- REQUIRED ACTION -
Excerpt from the entries below: please repeat exactly the lines from the one containing "企业如果有招聘意向,更偏好有" through the last one, both ends included, with no pictures.

====

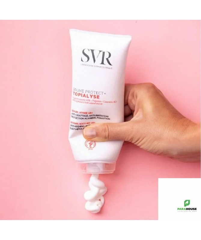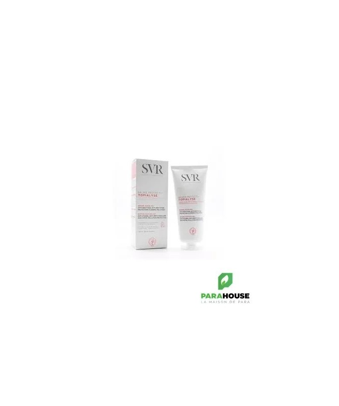 SVR TOPIALYSE BAUME PROTECT+ 200ML SVR TOPIALYSE BAUME PROTECT+ protège toutes les peaux atopiques, irritées par les agressions extérieures (acariens, pollution...), et ne pique pas. Il répare et apaise les irritations lors d'une utilisation régulière. Extrêmement efficace contre les rougeurs et les démangeaisons, le Baume Protect+ est enrichi en Céramides AD(1) brevetées qui apporte une protection face aux agressions extérieures (acariens, pollution…) qui peuvent aggraver les irritations et les crises de grattages. Sa texture nourrissante relipidante fond et laisse un film protecteur à la surface de la peau avec un effet anti-adhésion des microparticules de pollution EFFICACITE IMMEDIATE : 95% la peau est apaisée et confortable(3) EFFICACE PENDANT 48H 48H d’hydratation 91% les irritations ne sont pas réapparues 86% les sensations de démangeaisons et les incitations au grattage sont diminuées Composition : AQUA/WATER/EAU, HELIANTHUS ANNUUS (SUNFLOWER) SEED OIL, COCOS NUCIFERA (COCONUT) OIL, ORBIGNYA OLEIFERA SEED OIL, RICINUS COMMUNIS (CASTOR) SEED OIL, CETEARYL ALCOHOL, HYDROGENATED CASTOR OIL, GLYCERYL STEARATE SE, PENTYLENE GLYCOL, CETEARYL GLUCOSIDE, SODIUM STEAROYL GLUTAMATE, OPHIOPOGON JAPONICUS ROOT EXTRACT, 1,2-HEXANEDIOL, CAPRYLYL GLYCOL, ACRYLATES/C10-30 ALKYL ACRYLATE CROSSPOLYMER, MALTODEXTRIN, PENTAERYTHRITYL TETRA-DI-T-BUTYL HYDROXYHYDROCINNAMATE, GLYCOSPHINGOLIPIDS, CITRIC ACID, GLYCOLIPIDS Non gras et non collant Conseils d'utilisation : Il est conseillé d'appliquer sur l’ensemble du visage et/ou du corps préalablement nettoyé, en insistant sur les zones très sèches. Si l’irritation persiste, veuillez consulter un médecin. A utiliser tous les jours pour éviter les rechutes. Compléter la routine avec TOPIALYSE Baume Lavant ou TOPIALYSE Huile Lavante.
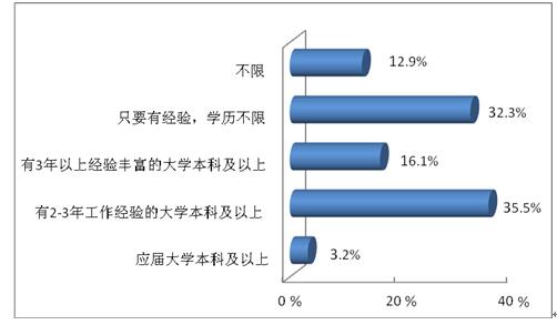 企业如果有招聘意向,更偏好有工作经验的大学生。调查数据显示,企业对所招聘员工具备工作经验及大学本科以上学历的占比为51.6%,分别是有2-3年工作经验的大学本科及以上占比35.5%、有3年以上经验丰富的大学本科及以上占比16.1,而应届大学本科及以上的占比为3.2%、只要有经验学历不限的占比为32.3%、不限要求的占比为12.9%,所以对于应聘者而言,同时具备丰富的工作经验和大学本科及以上学历,在职场上像香饽饽般深受招聘企业喜欢(见图2)。
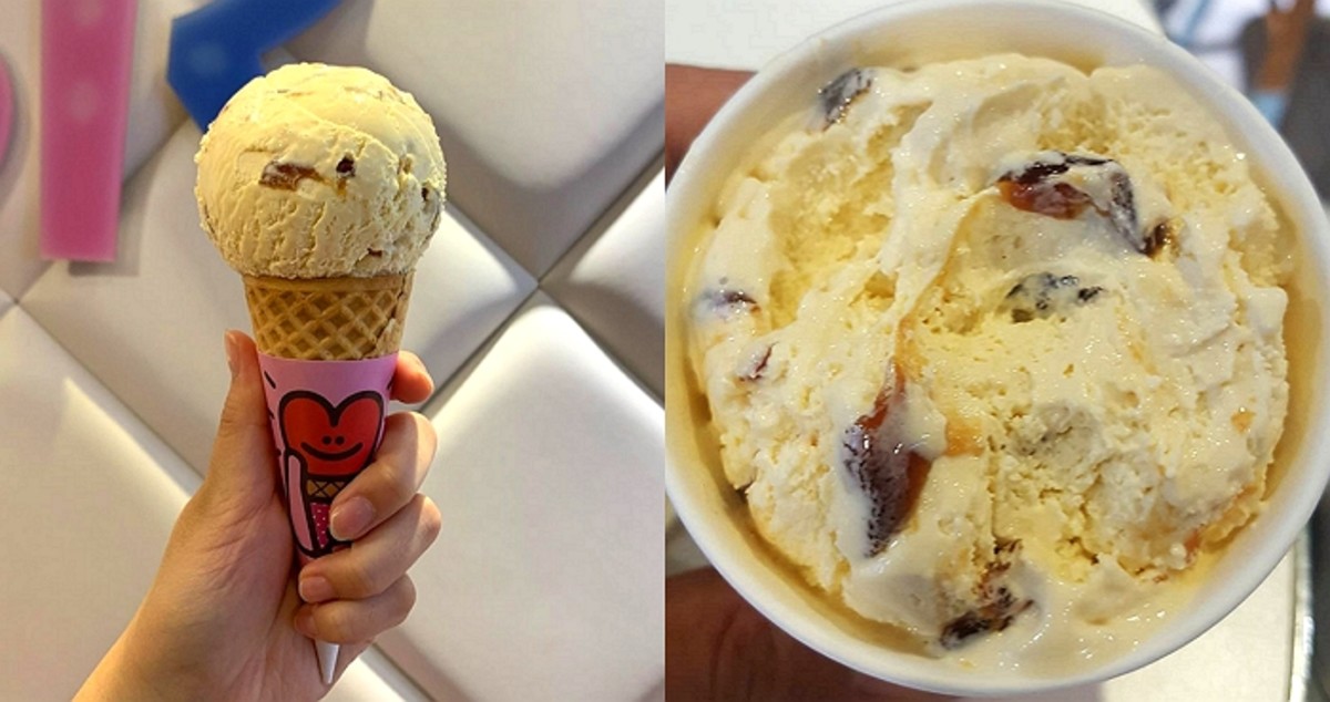 모습을 자세히 살펴보면 노르스름한 아이스크림 사이에 갈색빛 갱엿이 콕콕 박혀있는 것을 알 수 있다.
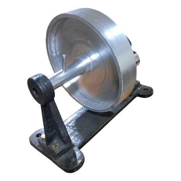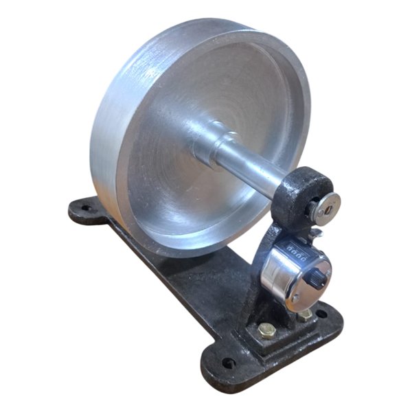 This apparatus consists of a solid metal flywheel mounted on a rigid base, supported by bearings for smooth rotation, and fitted with a mechanical revolution counter for accurate observation and measurement during experiments.
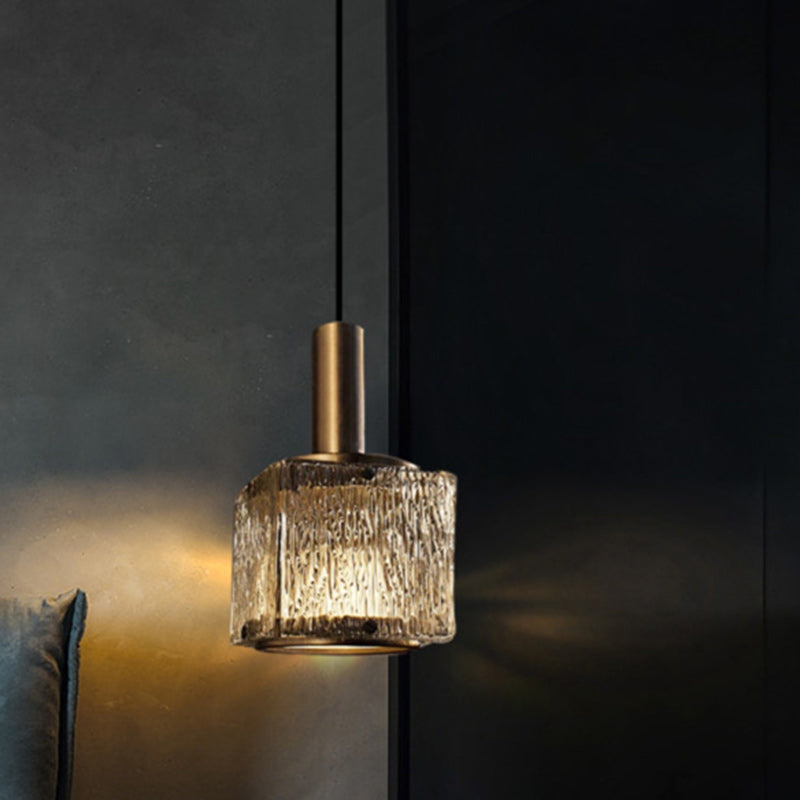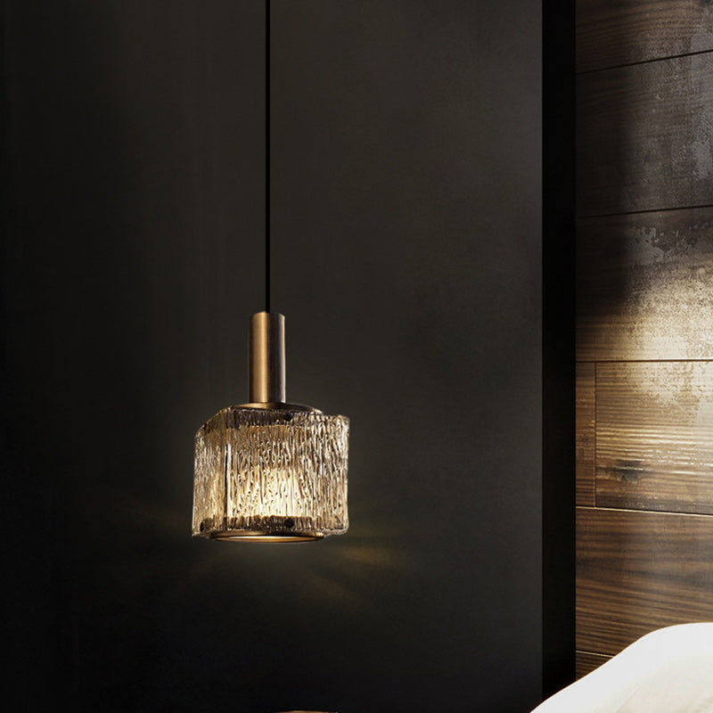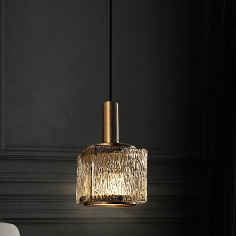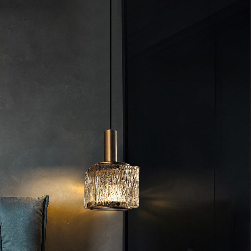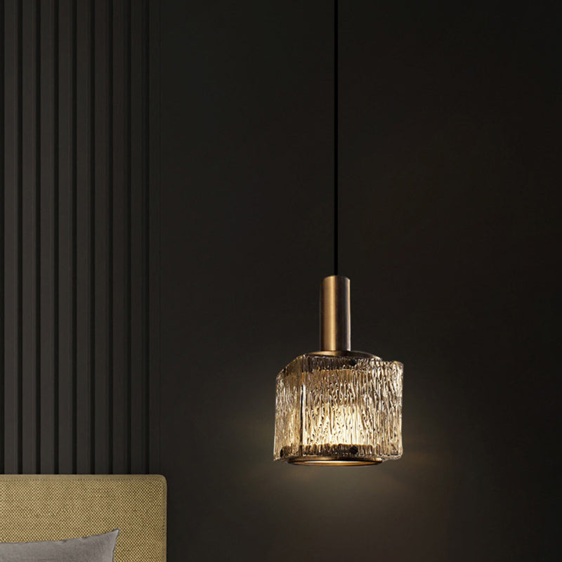 Contemporary Luxury Rectangular Copper Glass 1-Light Pendant Light For Living Room

====

- ANSWER SPACE -
 企业如果有招聘意向,更偏好有工作经验的大学生。调查数据显示,企业对所招聘员工具备工作经验及大学本科以上学历的占比为51.6%,分别是有2-3年工作经验的大学本科及以上占比35.5%、有3年以上经验丰富的大学本科及以上占比16.1,而应届大学本科及以上的占比为3.2%、只要有经验学历不限的占比为32.3%、不限要求的占比为12.9%,所以对于应聘者而言,同时具备丰富的工作经验和大学本科及以上学历,在职场上像香饽饽般深受招聘企业喜欢(见图2)。
 모습을 자세히 살펴보면 노르스름한 아이스크림 사이에 갈색빛 갱엿이 콕콕 박혀있는 것을 알 수 있다.
 This apparatus consists of a solid metal flywheel mounted on a rigid base, supported by bearings for smooth rotation, and fitted with a mechanical revolution counter for accurate observation and measurement during experiments.
 Contemporary Luxury Rectangular Copper Glass 1-Light Pendant Light For Living Room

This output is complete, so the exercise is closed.